Meanwhile, a precombustion chamber, a spontaneous combustion fuel channel communicated with the precombustion chamber, an oxidant channel and a flame spray hole are formed in the cylinder cover, so that the structure of the precombustion chamber is simple, a spark plug is not required to be arranged, the difficulty of the manufacturing process of the cylinder cover is reduced, and the manufacturing cost can be greatly reduced.

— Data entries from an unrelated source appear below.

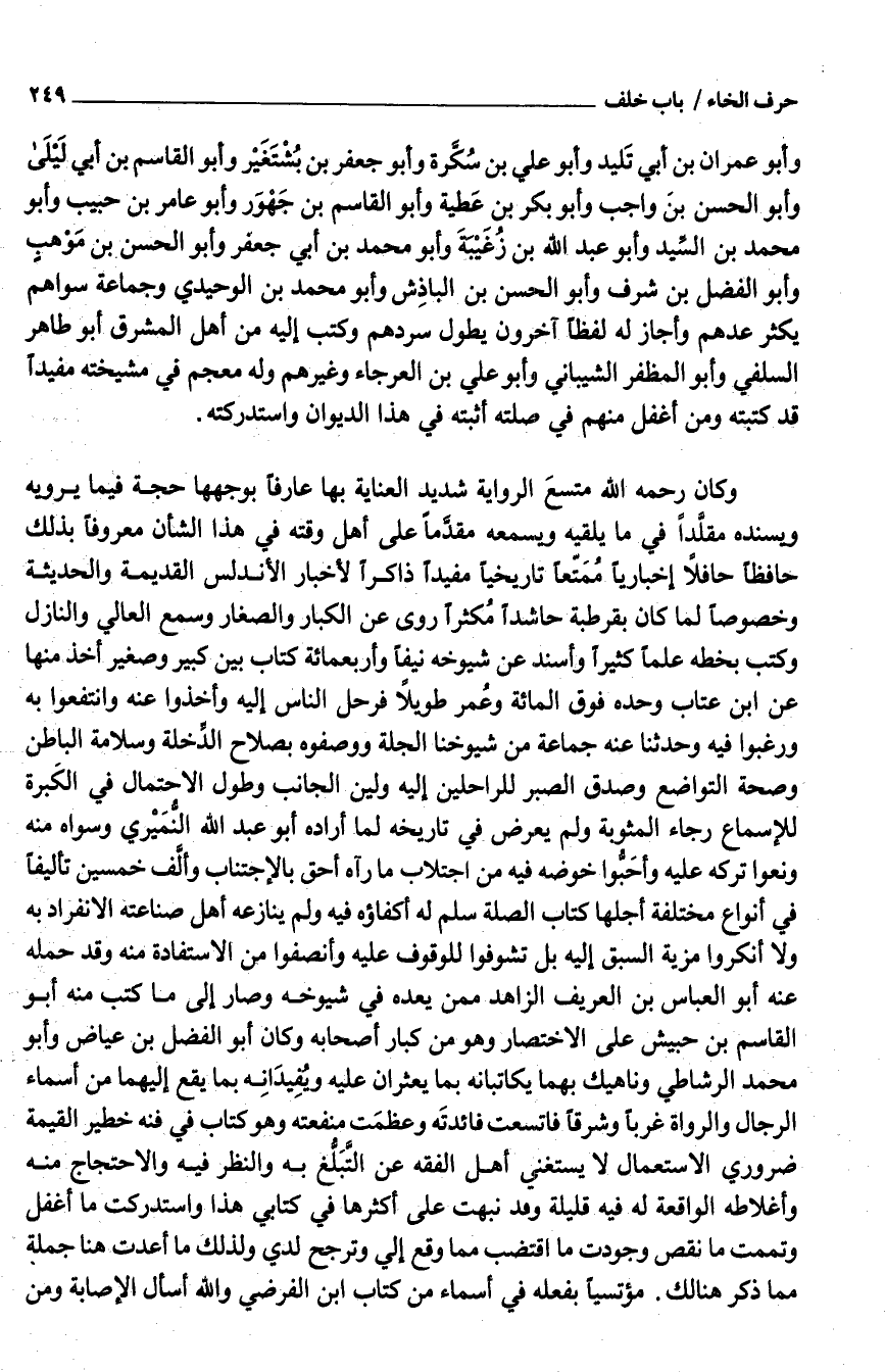 وَكَانَ رَحمَه اللَّه متسعَ الرِّوَايَة شَدِيد الْعِنَايَة بهَا عَارِفًا بوجهها حجَّة فِيمَا يرويهِ ويسنده مقلَّدًا فِي مَا يلقيه ويسمعه مقدَّمًا عَلَى أَهْل وقته فِي هَذَا الشَّأْن مَعْرُوفا بذلك حَافِظًا حافلاً إخباريًا مُمَتّعًا تاريخيًا مُفِيدا ذَاكِرًا لأخبار الأندلس الْقَدِيمَة والحديثة وخصوصاً لمّا كَانَ بقرطبة حاشدًا مُكثرًا روى عَنِ الْكِبَار وَالصغَار وَسمع العالي والنازل وَكتب بِخَطِّهِ علما كثيرا وَأسْندَ عَنْ شُيُوخه نيفا وَأَرْبَعمِائَة كتاب بَيْنَ كَبِير وصغير أَخذ مِنْهَا عَنِ ابْن عتاب وَحده فَوق الْمِائَة وعُمر طَويلا فَرَحل النّاس إِلَيْهِ وَأخذُوا عَنْهُ وانتفعوا بِهِ وَرَغبُوا فِيهِ وَحَدَّثَنَا عَنْهُ جمَاعَة من شُيُوخنَا الجلة ووصفوه بصلاح الدِّخلة وسلامة الْبَاطِن وَصِحَّة التَّوَاضُع وَصدق الصَّبْر للراحلين إِلَيْهِ ولين الْجَانِب وَطول الِاحْتِمَال فِي الكَبرة للإسماع رَجَاء المثوبة وَلم يعرض فِي تَارِيخه لمّا أَرَادَهُ أَبُو عَبْد اللَّه النُّمَيْري وسواه مِنْهُ ونعوا تَركه عَلَيْهِ وأحَبُّوا خوضه فِيه من اجتلاب مَا رَآهُ أَحَق بالاجتناب وألَّف خمسين تأليفًا فِي أَنْوَاع مُخْتَلفَة أجلهَا كتاب الصِّلَة سلم لَهُ أكفاؤه فِيهِ وَلم ينازعه أَهْل صناعته الِانْفِرَاد بِهِ وَلَا أَنْكَرُوا مزية السَّبق إِلَيْهِ بل تشوفوا للوقوف عَلَيْهِ وأنصفوا من الاستفادة مِنْهُ وَقد حمله عَنْهُ أَبُو الْعَبَّاس بْن العريف الزَّاهد مِمَّن يعده فِي شُيُوخه وَصَارَ إِلَى مَا كتب مِنْهُ أَبُو القَاسِم بْن حُبَيْش عَلَى الِاخْتِصَار وَهُوَ من كبار أَصْحَابه وَكَانَ أَبُو الفَضْل بْن عِيَاض وَأَبُو مُحَمَّد الرشاطي وناهيك بهما يكاتبانه بِمَا يَعْثرَانِ عَلِيّه ويُفيدانه بِمَا يَقع إِلَيْهِمَا من أَسمَاء الرِّجَال والرواة غربًا وشرقا فاتسعت فَائِدَته وعظمَت منفعَته وَهُوَ كتاب فِي فنه خطير الْقيمَة ضَرُورِيّ الِاسْتِعْمَال لَا يَسْتَغْنِي أَهْل الْفِقْه عَنِ التَّبَلُّغ بِهِ وَالنَّظَر فِيهِ والاحتجاج مِنْهُ وأغلاطه الْوَاقِعَة لَهُ فِيهِ قَليلَة وَقد نبهت عَلَى أَكْثَرهَا فِي كتابي هَذَا واستدركت مَا أغفل وتممت مَا نقص وجودت مَا اقتضب ممّا وَقع إليَّ وترجح لدي وَلذَلِك مَا أعدت هُنَا جملَة ممّا ذَكَرَ هُنَالك مؤتسياً بِفِعْلِهِ فِي أَسمَاء من كتاب ابْن الفَرَضيّ وَالله أسأَل الْإِصَابَة وَمن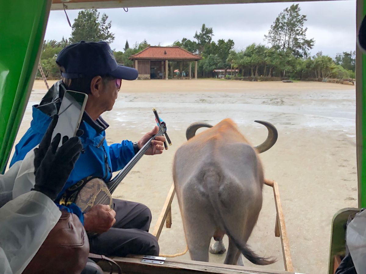 水牛車でゆっくり回るだけかと思っていたら、竹富島のお話をしつつ、三線の演奏もしてくださいました。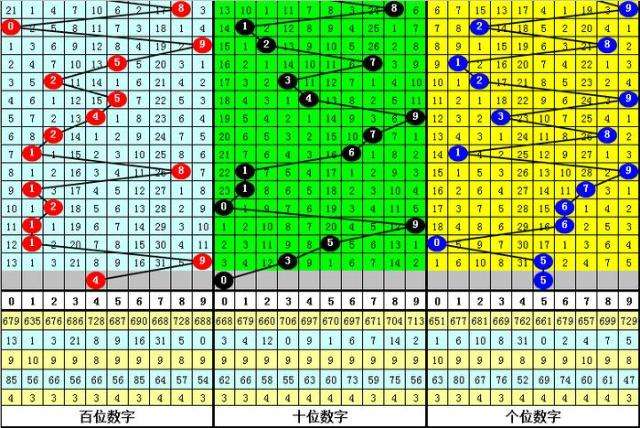 3、在以上0-9号码频次中,号码012路比为30:15:27,奇偶比为28:44,本期预计百位开出偶数号码,参考号码4。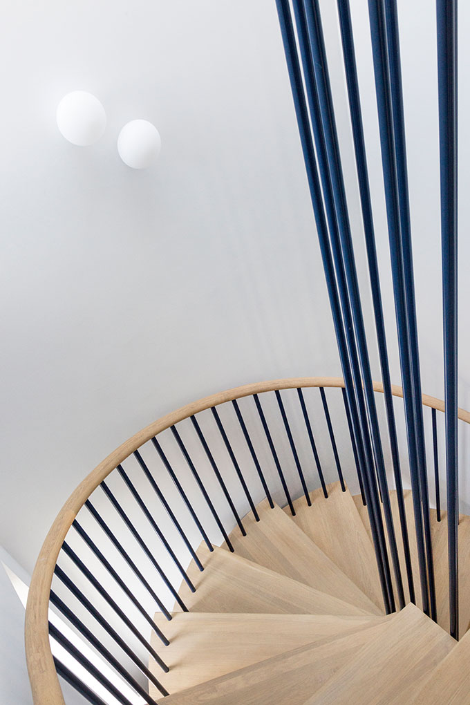 The project included a rear extension, complete internal refurbishment and new landscaping. Original internal partitions were removed to create flexible open plan living spaces. A new winding stair is finished in powder coated steel and oak. This compact stair results in significant additional useable floor area on each level.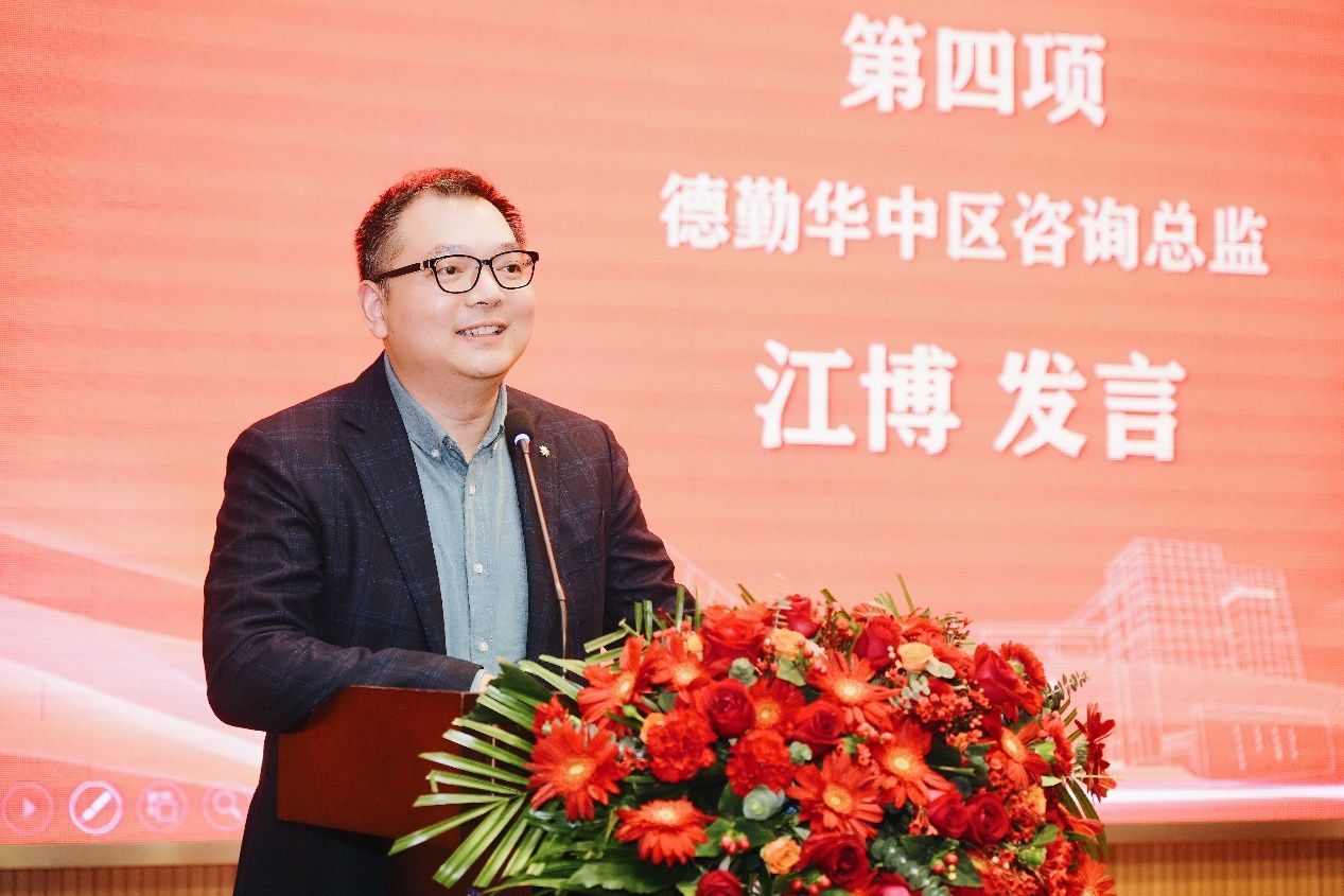 德勤华中区咨询总监江博发言。江博高度认可财政税务学院对学生的培养,并表示,财税学院的学生在学术科研、创新创业和社会实践中展现出了卓越的能力和素质,显示出了对财税领域的热爱和扎实的专业基础。江博对学院学子未来的发展充满信心,并期待他们能够继续发光发热,为财税领域的发展做出更多贡献。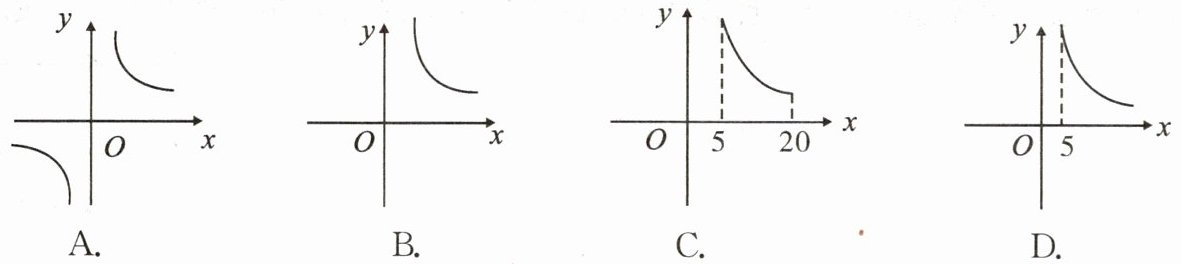 3. 某学校要种植一块面积为100 m²的矩形草坪,要求相邻两边的长均不小于5 m,则草坪一边长y(单位:m)随其邻边长x(单位:m)的变化而变化的图象大致是(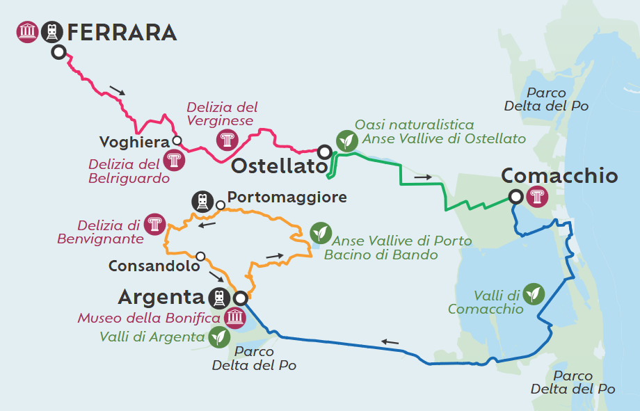 Il percorso è nato dalla collaborazione tra Visit Ferrara e i Comuni dell’Unione Valli e Delizie ed è pensato per tutti, grazie a un tracciato prevalentemente pianeggiante che si sviluppa tra ciclabili, strade a bassa percorrenza e argini sterrati, offrendo un’esperienza lenta e autentica nel cuore del Parco Regionale del Delta del Po, Patrimonio UNESCO. Il cicloturismo diventa così motore per la promozione e lo sviluppo sostenibile del territorio.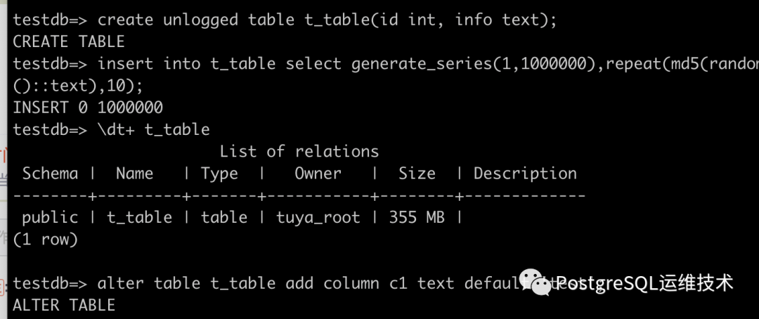 这个操作很快,新列的信息被添加到system catolog中,而不需要rewrite table。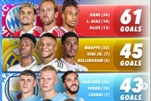 體育資訊1月24日訊 數據網站Score90盤點了本賽季五大聯賽球隊進攻三叉戟在各項賽事進球榜,具體如下:

Therefore, the turbulent jet spontaneous combustion ignition engine can effectively reduce the difficulty of the manufacturing process of the precombustion chamber, greatly reduce the manufacturing cost, remarkably widen the application working condition range of the turbulent jet ignition combustion mode, and avoid the problems of poor reliability, difficult maintenance and the like caused by soot deposition.

Drawings

FIG. 1 is a schematic sectional view of a turbulent jet self-ignition engine according to the present invention.

Wherein, 1-cylinder jacket, 2-cylinder cover, 3-precombustion chamber, 4-autoignition fuel channel, 5-oxidant channel, 6-flame spray hole, 7-main combustion chamber, 8-piston

Detailed Description

The invention is described in detail below by way of example with reference to the accompanying drawings.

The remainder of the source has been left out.